▸ **Problem description**: Output the listing word for word, minus pictures.

▸ **Exercise data**:
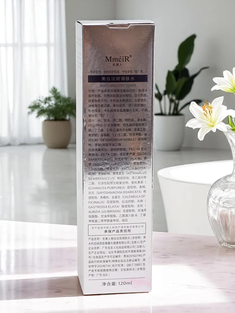 - The brightening facial toner effectively reduces discoloration, evens out skin tone, and restores a radiant appearance to the complexion. The formula with active ingredients moisturizes, smooths, and prepares the skin for further care. Ideal for skin with
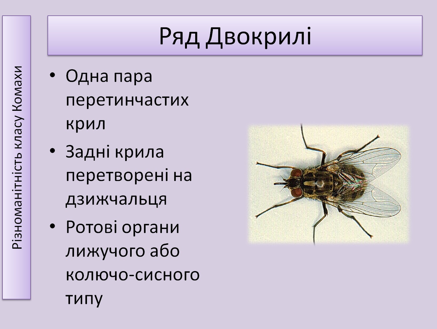 Ряд Двокрилі об’єднує комах, що мають лише два передніх прозорих крила і рот у вигляді хоботка. (Пригадай, скільки крил звичайно має комаха.) Задня пара крил недорозвинена і перетворилася на дзижчальця — саме вони видають наближення комарів та мух настирливим «писком» або «дзвенінням». Ряд налічує близько 85 000 видів комах і поділяється на дві групи: комарі та мухи.
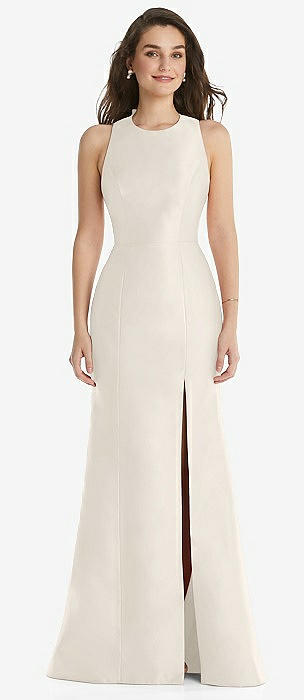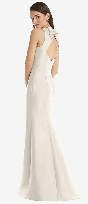 Jewel Neck Bowed Open-Back Trumpet Dress with Front Slit in ivory
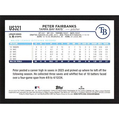 This is a 2024 Topps Update Peter Fairbanks baseball card. The card is #US321 and pictures show condition.

▸ **Written solution**:
 - The brightening facial toner effectively reduces discoloration, evens out skin tone, and restores a radiant appearance to the complexion. The formula with active ingredients moisturizes, smooths, and prepares the skin for further care. Ideal for skin with
 Ряд Двокрилі об’єднує комах, що мають лише два передніх прозорих крила і рот у вигляді хоботка. (Пригадай, скільки крил звичайно має комаха.) Задня пара крил недорозвинена і перетворилася на дзижчальця — саме вони видають наближення комарів та мух настирливим «писком» або «дзвенінням». Ряд налічує близько 85 000 видів комах і поділяється на дві групи: комарі та мухи.
 Jewel Neck Bowed Open-Back Trumpet Dress with Front Slit in ivory
 This is a 2024 Topps Update Peter Fairbanks baseball card. The card is #US321 and pictures show condition.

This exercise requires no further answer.